The magnitude data provides the necessary numbers to compute the AC specifications. The end result is displayed in a 20 × log(magnitude) format so that the FFT result can be viewed (see Figure 1).
Figure 1. Frequency Spectrum of a 16-bit, 40kHz ADC Digitizing a 980Hz Input Signal.
It should be noted that Figure 1 is sometimes called an FFT, as in "Let me see that FFT." Technically, this usage is incorrect. Figure 1 is actually the frequency spectrum of the ADC's discrete time domain output which has been arrived at with the use of a Fast Fourier Transform algorithm. There are other ways that the frequency spectrum could have been computed. However, "FFT" has slipped into common usage as meaning the actual frequency spectrum itself.
Figure 1 defines the key terminology that is needed in order to describe the AC specifications. The fundamental represents the AC input signal. Since the testing is coherent (no window function has been applied to the data), the fundamental is contained in the center of exactly one "bin" of the FFT. At twice the frequency of the input signal lies the first harmonic of the fundamental. If the test setup is good, then the power in the harmonic bin is due only to the ADC and not the AC source. At three times, the input frequency is the second harmonic of the fundamental.
There can be a lot of confusion in regards to naming the harmonics. Obviously, the first harmonic of the fundamental should be called the "first harmonic." Unfortunately, there are other considerations in naming the harmonics. For example, if the harmonic number is referred to as N times the fundamental frequency, then the first harmonic will actually be called the second harmonic (meaning 2 times the fundamental). Then, the first harmonic is the fundamental itself. This has the added benefit in that harmonic "0" is actually the "DC" bin (0 times the fundamental frequency). In some cases, it's desirable to know the power in the DC bin. Thus, software can treat the various "harmonics" in a similar way. On the other hand, a problem with this approach occurs when specifying THD-that will be covered shortly in part two.
The convention adopted here is that the harmonic number refers to N times the fundamental frequency. So, the first (leftmost) of the three harmonics shown in Figure 1 is 2, the second is 3, and the third is 4.
The noise floor of the FFT represents the inherent noise in the ADC as well as the quantization noise of the analog-to-digital conversion process (which replaces an infinitely variable analog input with a discrete digital output). The level of the noise depends on the SNR of the ADC as well as the number of points in the FFT. The overall power doesn't change, but more bins in the FFT result means that the same power is divided up among them, so the noise floor drops. This will be discussed in detail in part two of this series.

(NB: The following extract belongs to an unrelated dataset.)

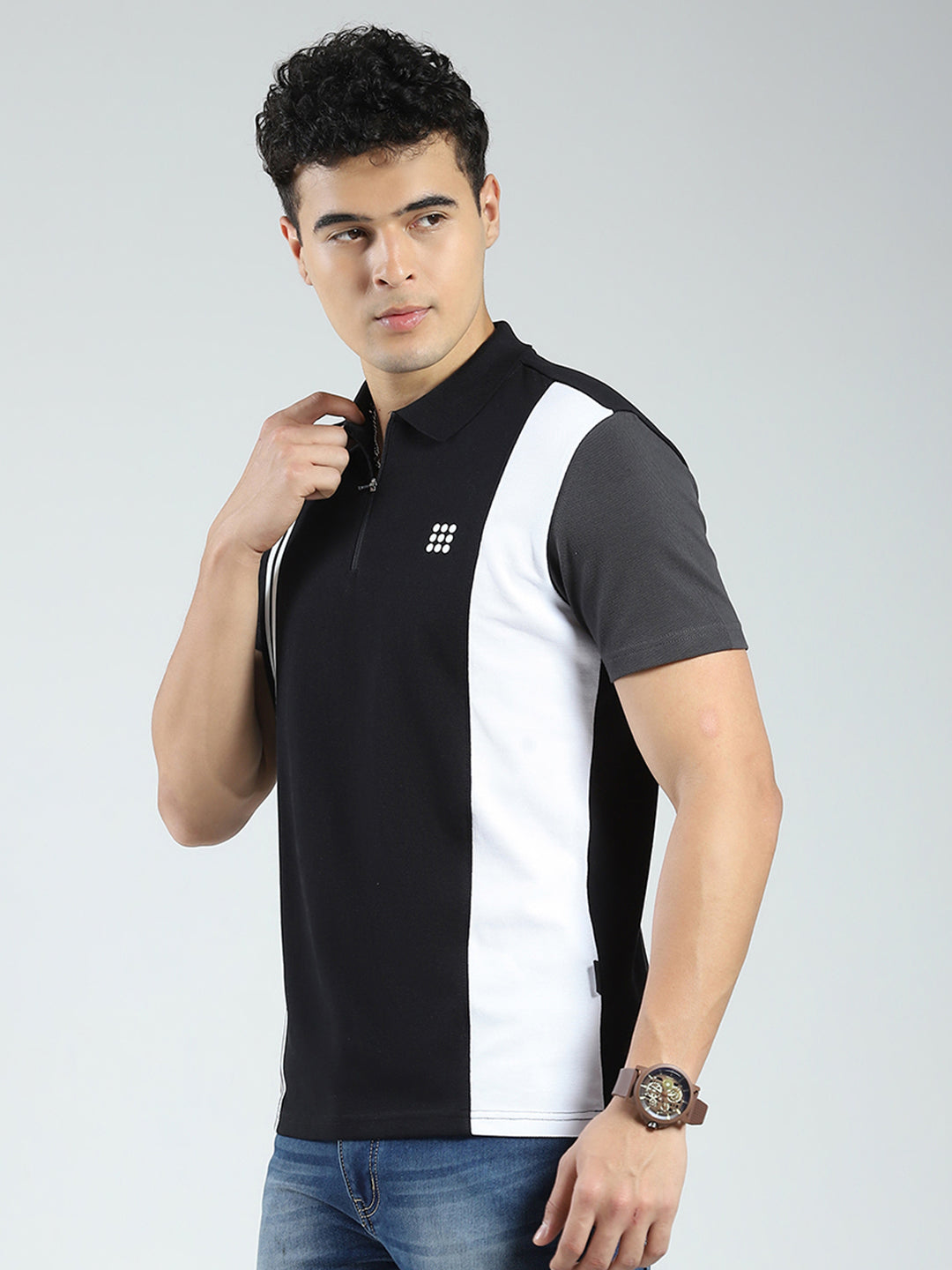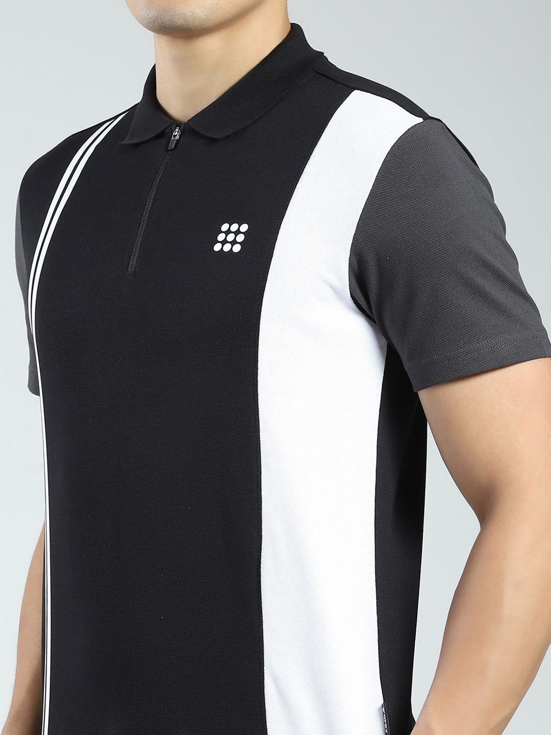 Men Black Stripe Collar Half Sleeve T-Shirt
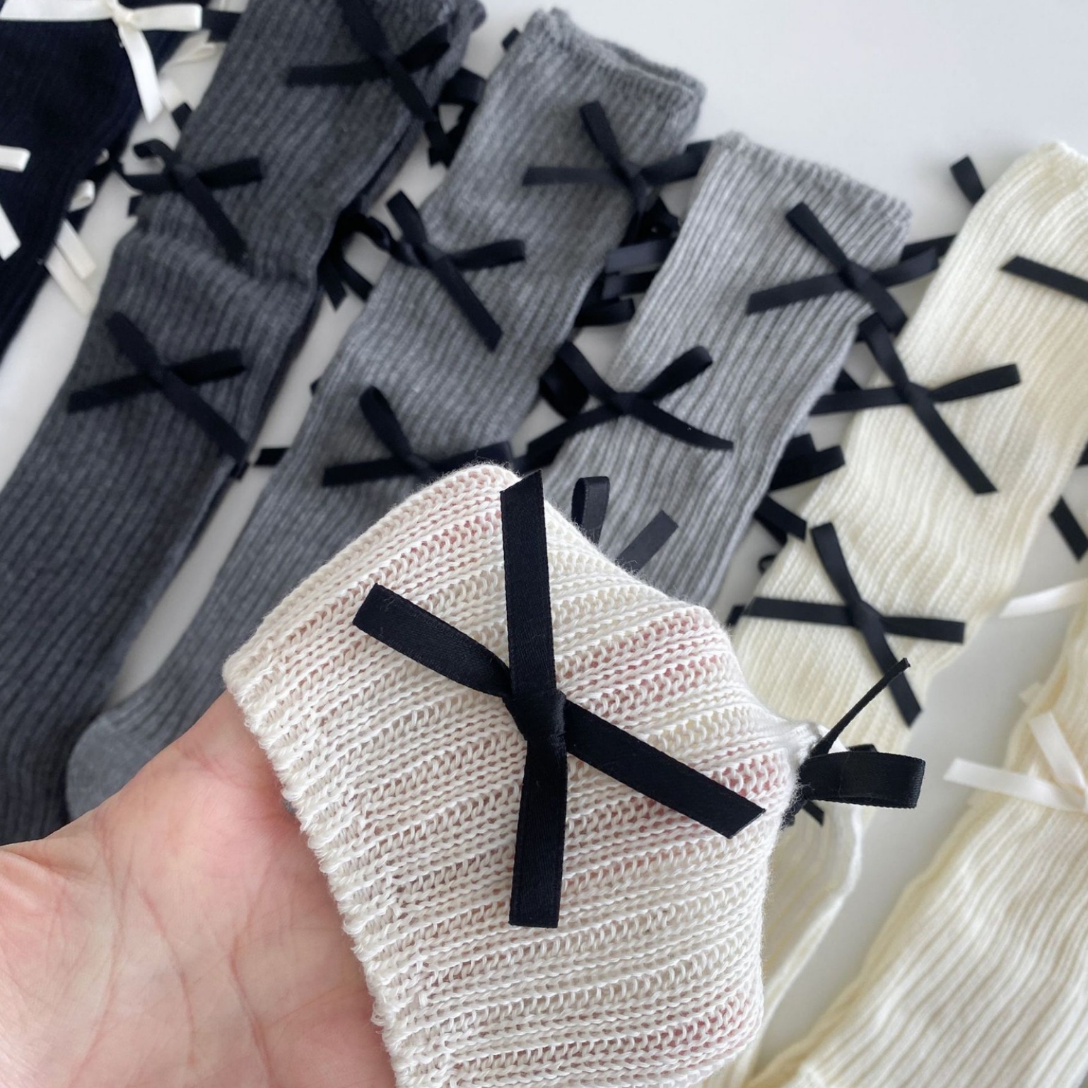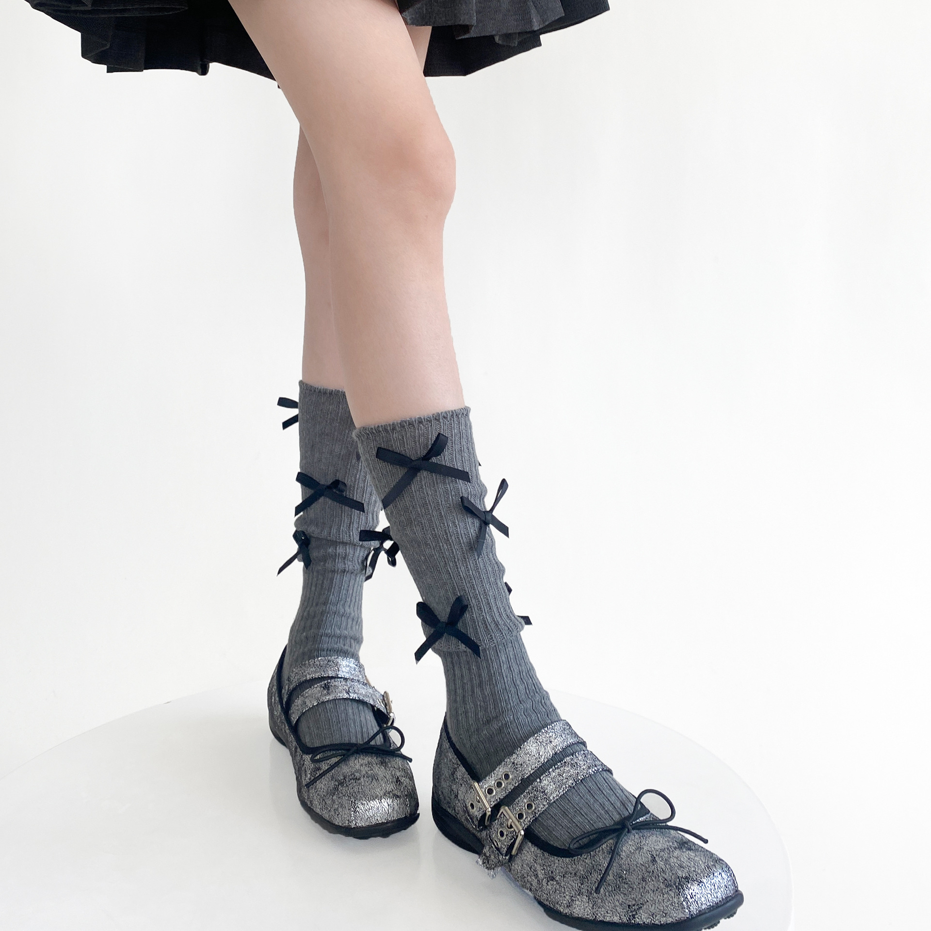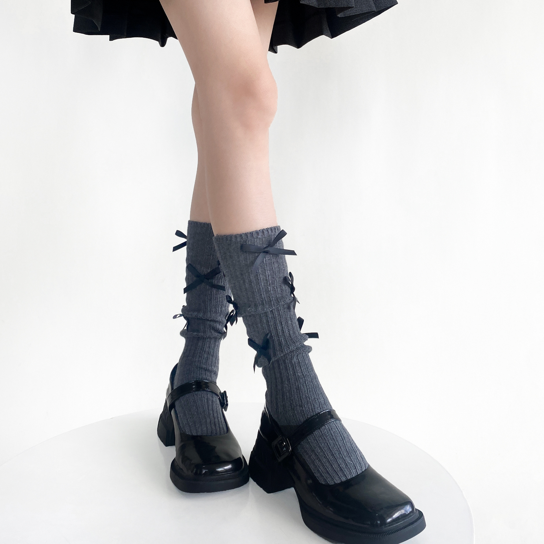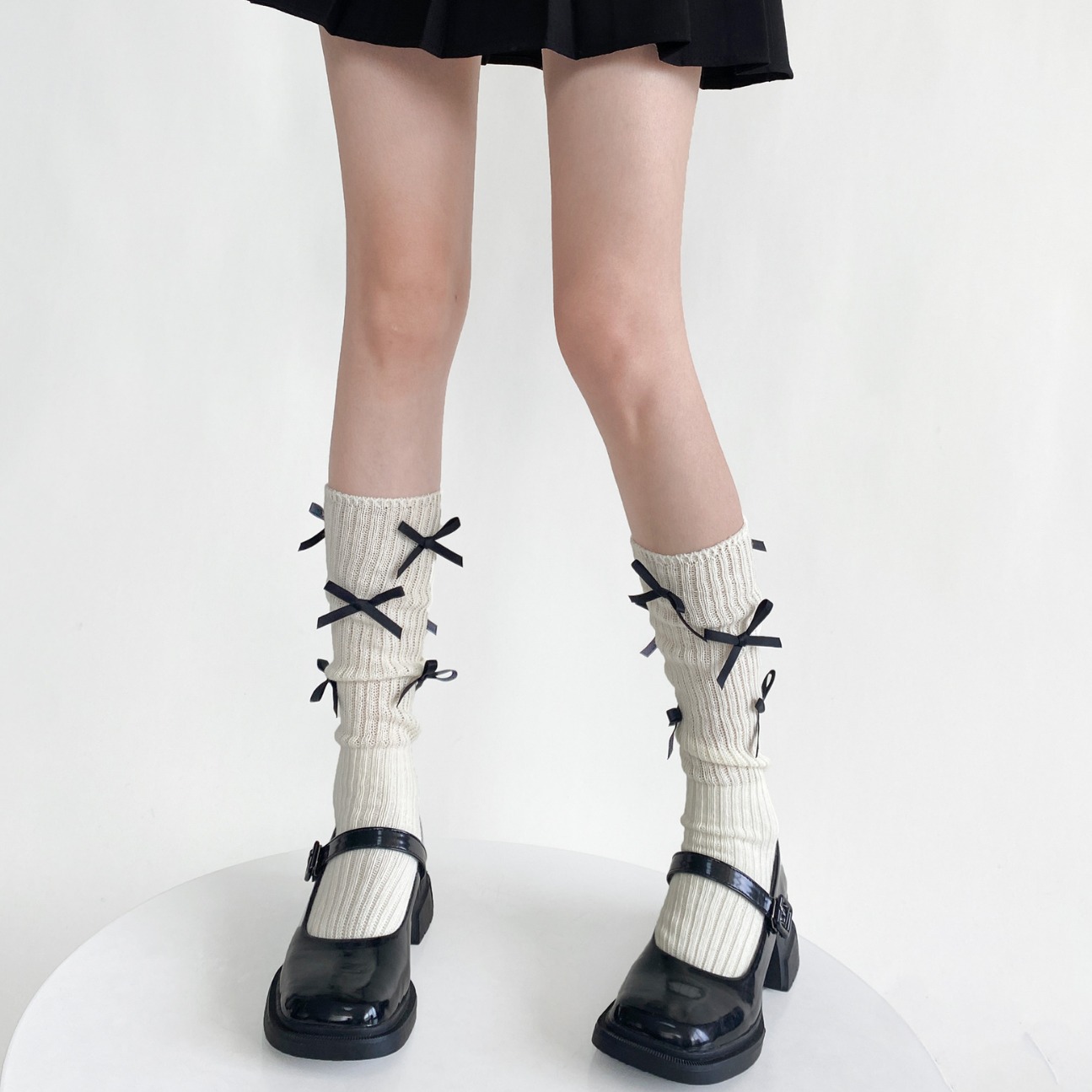 春秋季韩国东大门小众设计款多蝴蝶结堆堆小腿袜洋气棉质百搭中筒

The spurious-free dynamic range of the ADC is the range between the fundamental power level and the power in the largest bin of the FFT which is not the DC bin. In some special signal processing applications, harmonic distortion is not a concern, and spurious-free dynamic range is defined as the difference between the fundamental and the highest bin which is not the DC bin or a harmonic bin.
Looking at Figure 1, we have the following definitions for the various AC specifications:
SNR Fundamental power divided by the power of all the bins other than the DC, fundamental, and first N harmonic binsEach of these calculations is a power calculation: the result is the square-root(SQRT) of the sum of squares of the power in the defined bins: result = SQRT(b² + c² + d² + ...). Keep in mind that this is not an RMS calculation, the results are total power not average power.THD Power of the first N harmonic bins (usually expressed relative to some reference power)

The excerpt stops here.